The blocks and pulley are connected, so the acceleration of all three must be aligned.
 
Doc Al said:
I'd say no. Pick an overall direction for the acceleration. (For example: block one goes up, block two goes down, pulley goes clockwise.) Choose the sign of your torque to match.

The blocks and pulley are connected, so the acceleration of all three must be aligned.

Thanks, Doc Al. Well, here is my problem, then.

A m1 is connected over a pulley to a m2 on an incline. Let's say the incline is to the right of the pulley, so that the acceleration is to the right.

T1 - friction1 = m1a
m2g(sin theta) - friction2 - T2 = m2a
(m1 + m2)R = -I(alpha) = -Ma/2 (where M is mass of pulley).

If I rotate the diagram 180 degrees, so the incline is on the left, acceleration is to the left, keeping positive in the direction of the acceleration, the only equation that would change is the torque:

(m1 + m2)R = Ma/2

Which is obviously going to lead to a different acceleration by just changing the horizontal orientation, which is a physical impossibility, of course.

Or I'm confused (probably)... Clear this up for me, please?

Thanks, as always,
Dorothy
 
Oh, I'm thinking m1 is on a horizontal surface, if that makes any difference.
 
Dorothy Weglend said:
T1 - friction1 = m1a
m2g(sin theta) - friction2 - T2 = m2a
These two make sense.
(m1 + m2)R = -I(alpha) = -Ma/2 (where M is mass of pulley).
But this one doesn't. Why are m1 and m2 mentioned in the equation for the pulley?

What forces act on the pulley? What torques do they exert? Set the net torque equal to I(alpha).

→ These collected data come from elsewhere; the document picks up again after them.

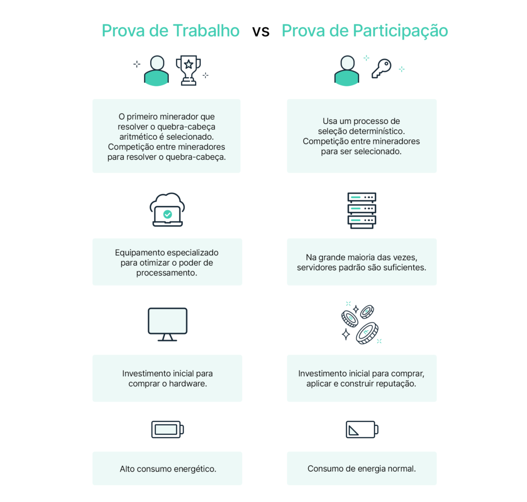 O PoS é visto em grande parte como o método mais sustentável e como uma versão mais escalável do mecanismo de consenso do Bitcoin, a Prova de Trabalho (PoW), que necessita de gastos significativos de energia.
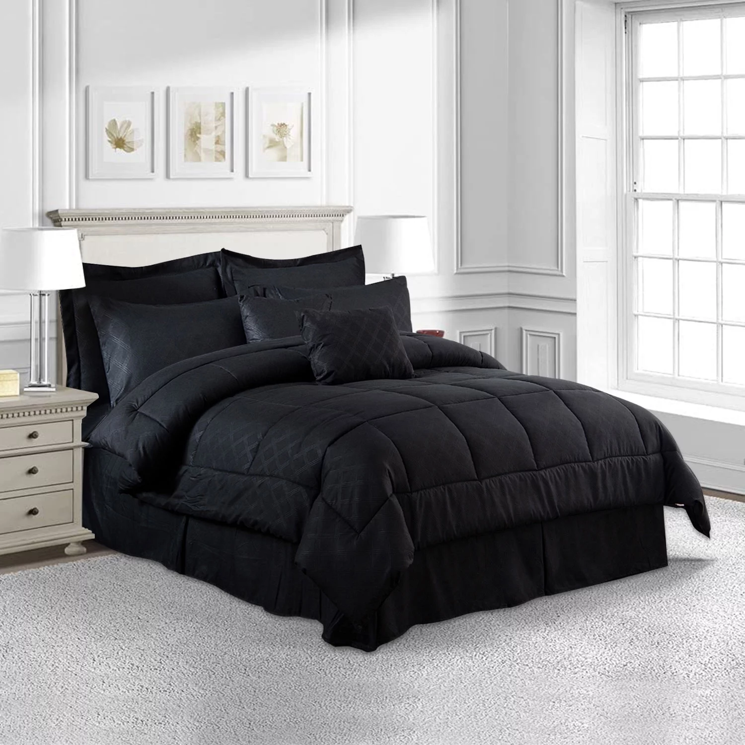 NC 10 Piece Bed in a Bag Queen Size Comforter Set Bedding Set, Plaid Pattern, Black
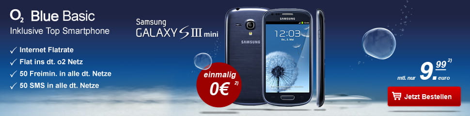 Zu diesem Tarif erhaltet ihr das Samsung Galaxy S3 Mini i8190, Netzbetreiber-Ware zu 0€ dazu!!
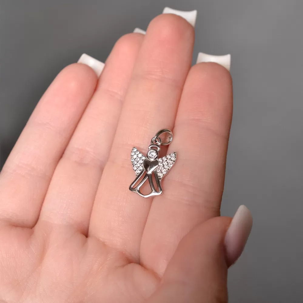 Strieborný prívesok anjel so zirkónmi biely 14027.1
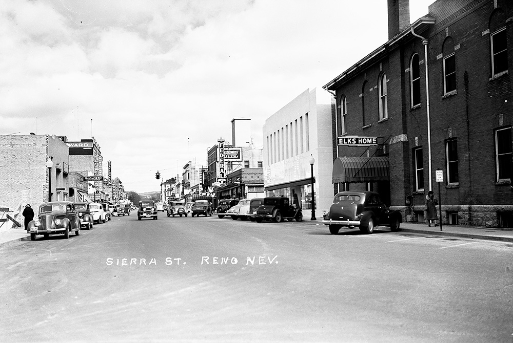 Upon the construction of the commercial building to its north in 1937, the Elks Home gained a new entrance on North Sierra Street. Looking north from the Sierra Street bridge, this photo shows the busy shopping district north of the river.
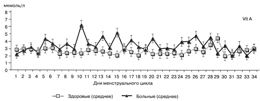 Рис. 3. Концентрация ретинола в плазме крови здоровых женщин и больных с мастопатией в динамике менструального цикла
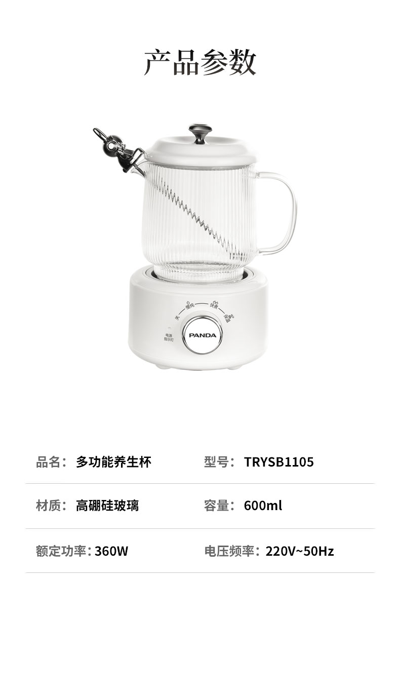商品名称:PANDA/熊猫600毫升多功能养生杯TRYSB1105
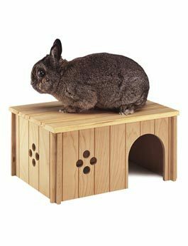 Dřevěný domeček pro králíky a jiná drobná zvířata. Rozměry 34,5 x 24 x 16,5 cm.
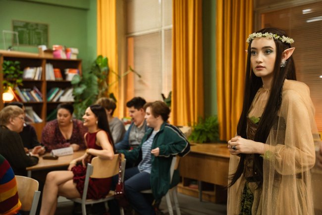 ) отправилась в вечернюю школу, чтобы мужчинку приличного найти — и дочери угодить: она как раз классная руководительница Алена Рудольфовна (дебют стендап-комикессы Динары Курбановой). Та не красным носом, как олененок Рудольф, но тоненьким голоском организует вокруг себя педагогическое волшебство. Среди учителей также строптивая «англичанка» Катя (Ася Резник
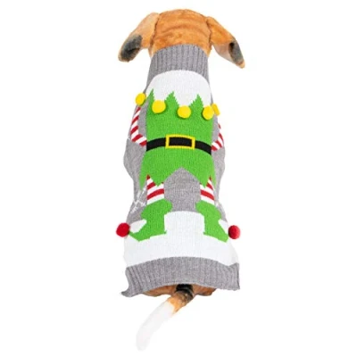NOROZE Dog Christmas Jumper Warm Winter Clothes Puppy Snowman Elf Soft Coat Xmas Dogs Sweater Outfit (S, Grey)
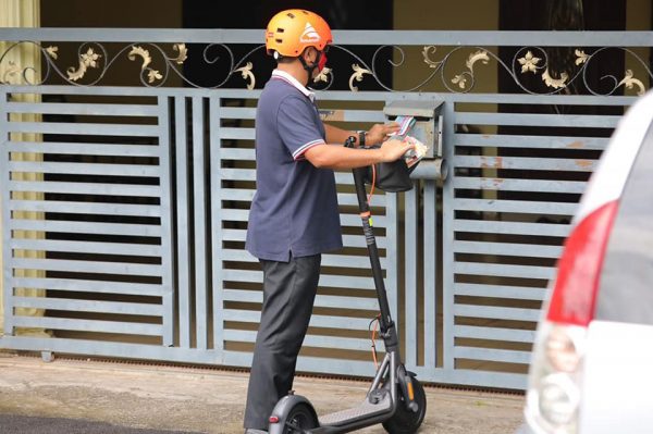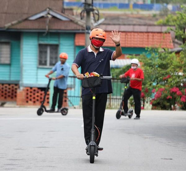 两名前首长,即国阵巫统林鲁候选人拿督斯里苏莱曼阿里和希盟诚信党武吉卡迪候选人阿德里,一人使用步行方式派发传单,另一人则乘坐电动滑板派送。
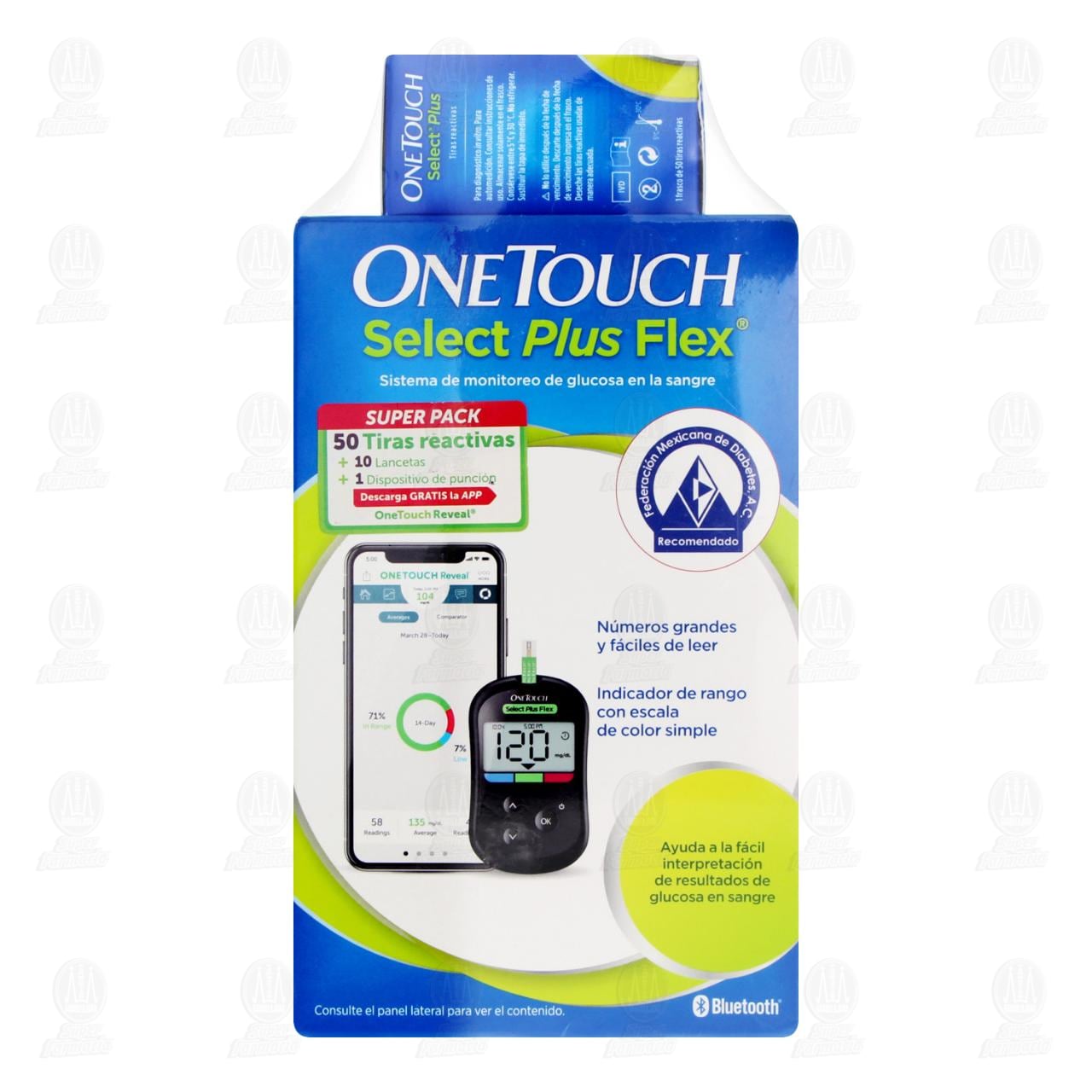 Pack One Touch Select Plus Flex Sistema de Monitoreo de Glucosa + Dispositivo de Punción + Tiras Reactivas, 3 pzas.
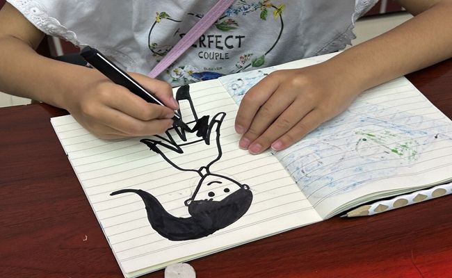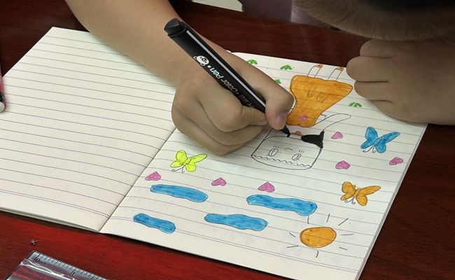 为了激发孩子们学习英语的热情,田萍同学作为主讲人,通过ppt讲解、领读、有奖问答等方式,教授了小朋友们一些常用的英语单词,如水果类、颜色类、动物类单词等。在孩子们最喜欢的画画课程中,关爱团的成员们为孩子们准备了画纸和画笔,鼓励他们发挥想象力,用色彩和线条描绘出他们心中朋友的形象。
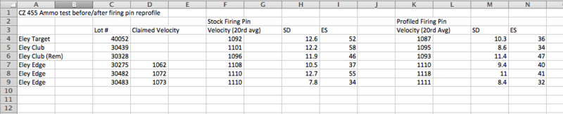 I did a before/after CZ firing pin re-profile test early last year and posted the results on the old Scout site. I don't think the post made it over (at least I can't find it) so I'll re-post the results here. Velocity measurements were done with a Magnetospeed V3 and the temps were in the 70s, if I remember correctly. Sample size was 20 round of each lot, before and after. The result was about a 10-15% improvement in ES/SD:
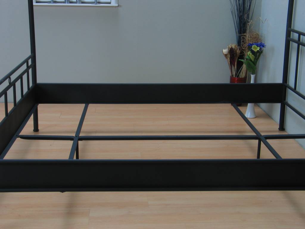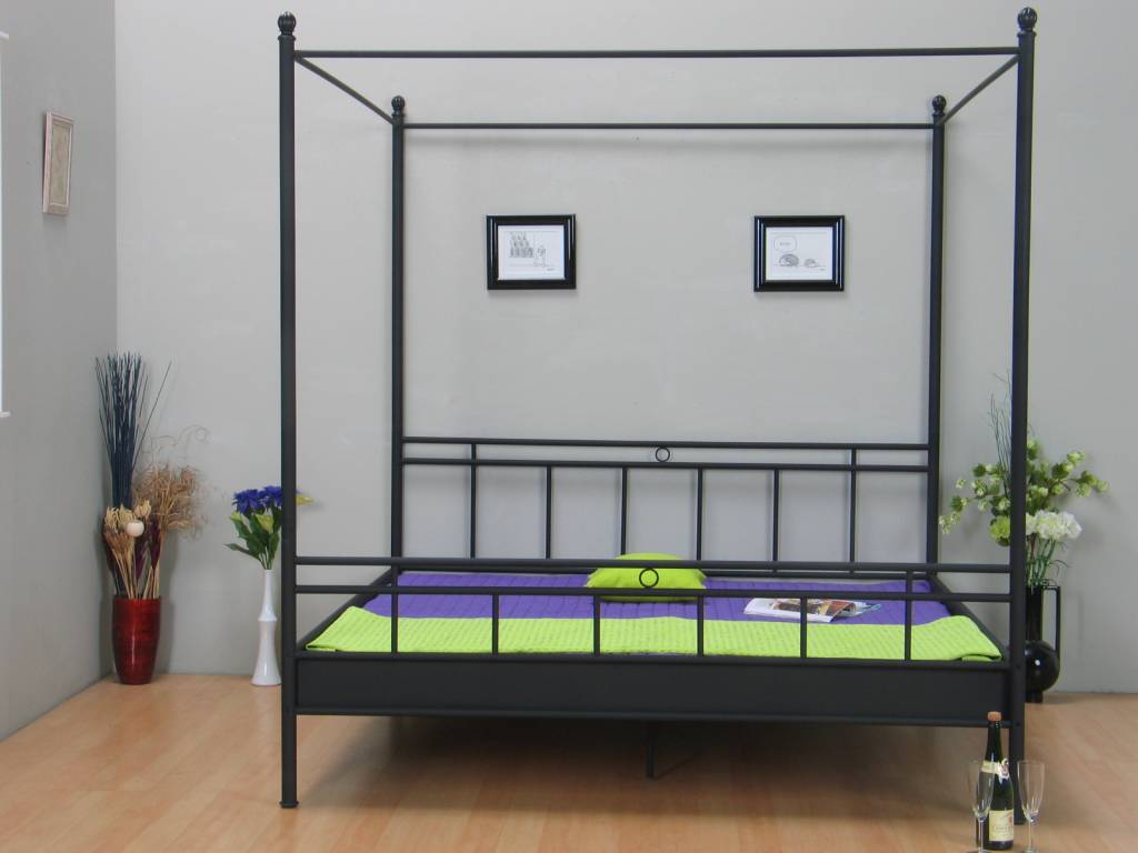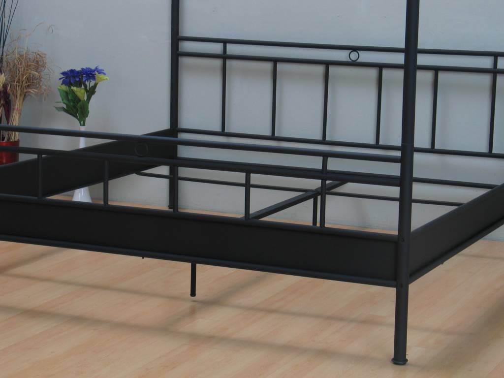 Hemelbed van metaal met zwarte laklaag. De matrasmaat van dit bed is 160 x 200. Ook verkrijgbaar in vanillewit en in andere maatvoeringen! Let op: wordt geleverd zonder matras en zonder lattenbodem.
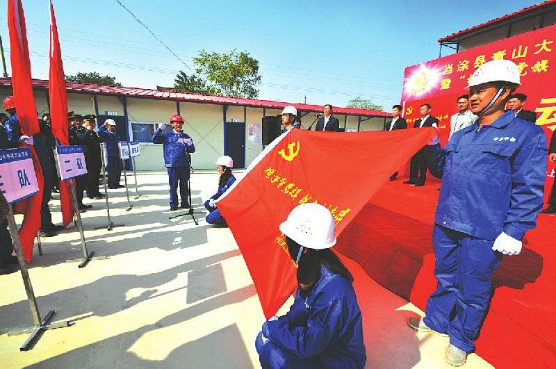 11月4日,中铁上海一公司党委与中共当涂县委在当涂青山大桥项目工地现场隆重举行工程项目联合党委揭牌暨“携手擎党旗皖江树丰碑”党建主题活动启动仪式,搭建企地共建平台,切实深化区域党建工作,营造良好外部施工环境。 姚庆国 摄
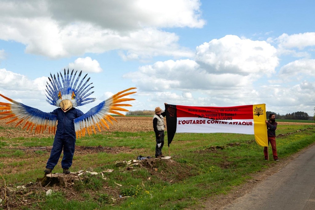 L’outarde canepetière était d’ailleurs devenue l’emblème du mouvement de contestation. Elle était présente à chaque rassemblement sous la forme de gigantesques mascottes portées dans les cortèges.
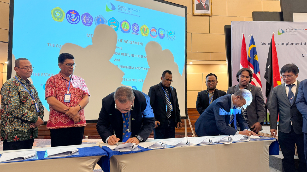 According to Tutus Wijanarko, SOMACORE Project Lead for Konservasi Indonesia, the MoA is accompanied by an agreement to develop a joint work plan for 2026–2030 aligned with the CTI-CFF Regional Plan of Action 2.0 for 2021–2030. He emphasized that the Science Hub will strengthen regional scientific databases, promote multidisciplinary research, and support climate-adaptive, transboundary marine conservation policies. Konservasi Indonesia, through the SOMACORE Programme, will support the Science Hub this year with a series of capacity building-training and research grants.
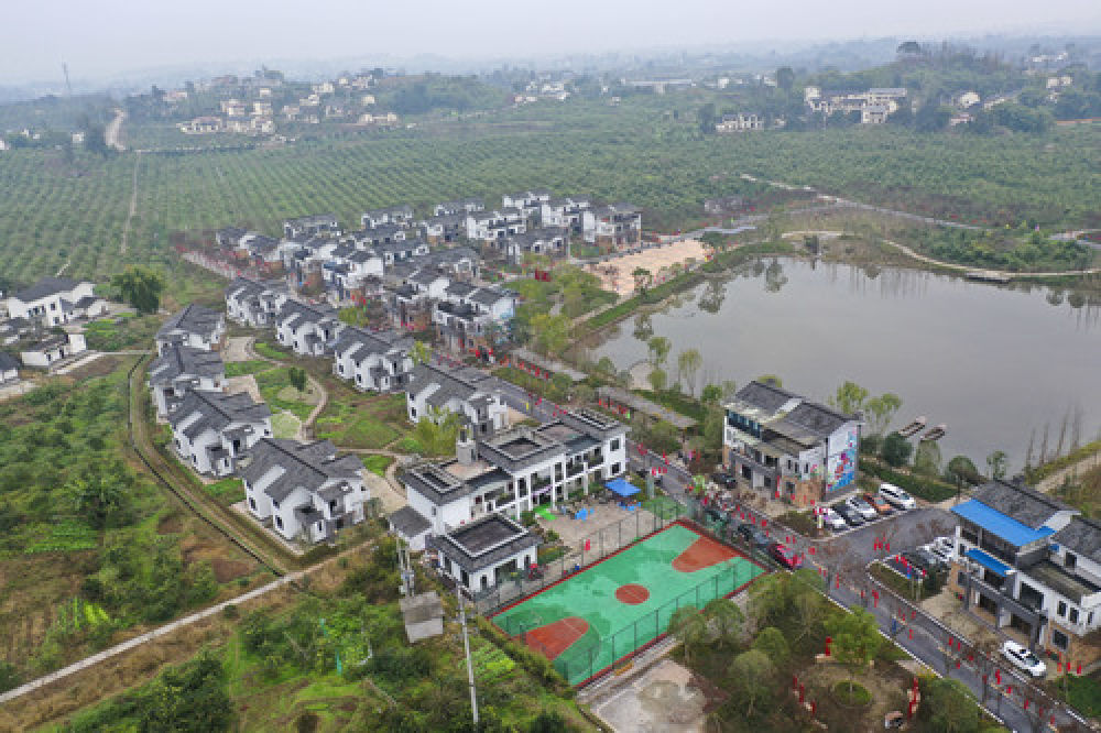 ↑重庆长寿区“慢城”的田园风光和统一规划的村庄(2019年12月24日无人机照片)。新华社记者 刘潺 摄

If I rotate the diagram 180 degrees, so the incline is on the left, acceleration is to the left, keeping positive in the direction of the acceleration, the only equation that would change is the torque:
This is an artifact of this strange equation. Fix it. :wink:
 
Doc Al said:
These two make sense.

But this one doesn't. Why are m1 and m2 mentioned in the equation for the pulley?

What forces act on the pulley? What torques do they exert? Set the net torque equal to I(alpha).


This is an artifact of this strange equation. Fix it. :wink:

I'm an idiot. I meant to write:

(T2 - T1)R = Ma/2

And really, that's what I was thinking. My fingers typed something else.

But that still leaves me with the same question, doesn't it?

With the incline on the right, (T2 - T1)R = -Ma/2

With it on the left, (T2 - T1)R = Ma/2

Since the only that has changed is the sense of the torque?
 
Dorothy Weglend said:
With the incline on the right, (T2 - T1)R = -Ma/2
OK.
With it on the left, (T2 - T1)R = Ma/2
Nope. The signs of T2 and T1 will change also.

Since the only that has changed is the sense of the torque?
If the sense of the torques change, so must their signs.
 
Doc Al said:
OK.

Nope. The signs of T2 and T1 will change also.


If the sense of the torques change, so must their signs.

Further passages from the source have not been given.